Structural annotation of the CC-2931 ancestor assembly was performed using BRAKER2 v2.15 (Brůna et al. 2021). RNA-seq data were mapped to the assembly using STAR v2.7.9 (“‐‐alignIntronMax 5000 ‐‐twopassMode Basic”) (Dobin et al. 2013). BRAKER2 was first run on an assembly softmasked for all repeats (see below) using existing AUGUSTUS parameters for C. reinhardtii (“‐‐species = chlamy2011 ‐‐skipAllTraining”). A second BRAKER2 run was performed with UTR prediction (“‐‐stranded = +, ‐‐UTR = on”), where the input BAM alignments were split into forward- and reverse-strand read sets using SAMtools v1.9 (Danecek et al. 2021). Because the run without UTR prediction returned a superior BUSCO score (“protein” mode), we designated this the primary annotation but also attempted to add UTRs where possible. For gene models in which coding sequence coordinates had a one-to-one correspondence between the two BRAKER2 runs (with variation permitted at only one exon for models with more than two exons), the model with UTRs was introduced as a replacement.
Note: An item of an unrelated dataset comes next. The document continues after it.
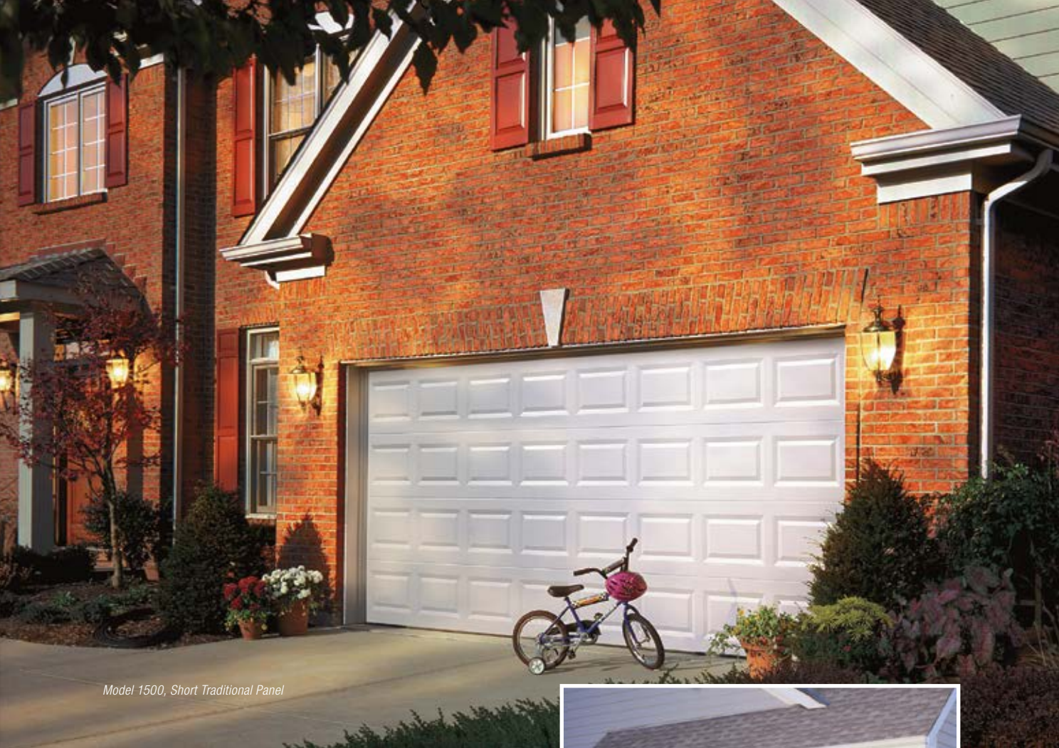
Model 1500, Short Traditional Panel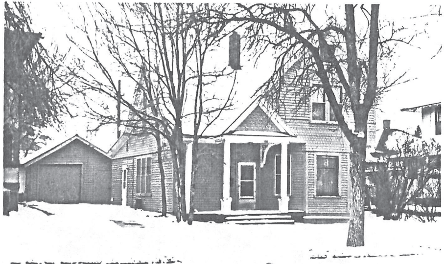
Roll# 3 Frame# 9

Legal Description: Meili-Almas Addition, Block 7, Part of Lots 1, 2, 3, 4 and 5

Gene models were filtered if their coding sequence intersected in >30% with TE sequence or >70% with simple repeats (i.e., microsatellites) identified with RepeatMasker v4.0.9 (https://www.repeatmasker.org).
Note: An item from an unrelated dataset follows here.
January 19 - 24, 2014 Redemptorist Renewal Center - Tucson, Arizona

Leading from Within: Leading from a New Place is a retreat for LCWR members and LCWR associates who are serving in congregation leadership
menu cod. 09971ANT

Repeat annotation was performed for the CC-2931 and CC-1952 ancestor assemblies. A custom library of C. reinhardtii TEs and satellites (Craig 2021) was first passed to RepeatMasker. A small number of TE families newly identified in this study were manually curated and added to the library (see below). The RepeatMasker annotations were supplemented with additional microsatellites and satellites identified by Tandem Repeats Finder (“2 7 7 80 10 50 1000 -f -d -m -ngs”) (Benson 1999). A final set of tandem repeats for each assembly was produced by combining simple repeats and satellites from RepeatMasker, satellites and microsatellites from Tandem Repeats Finder, and manually curated centromeric, subtelomeric, and ribosomal DNA array coordinates. Centromeres were identified based on the span of the constituent LINE ZeppL-1_cRei (Craig et al. 2021a), and subtelomeres were identified as sequence between the telomere and the characteristic spacer sequence, which coincides with the transition from the subtelomeric repeats (Chaux-Jukic et al. 2021). Tandem repeat sequences were considered to be microsatellites if they had a monomer length of <10 bp, and as satellite DNA if their monomer was >10 bp.

Mapping and alignment

To produce the input files for Sniffles, MA line PacBio read mapping was performed against the appropriate ancestor reference assembly using pbmm2 align (https://github.com/PacificBiosciences/pbmm2), adding the “‐‐preset CCS” flag for HiFi samples. For input to DeepVariant (see below), additional processing with SAMtools view (Danecek et al. 2021) run with the option “-F 256” was performed to remove reads with a flag indicating secondary alignment.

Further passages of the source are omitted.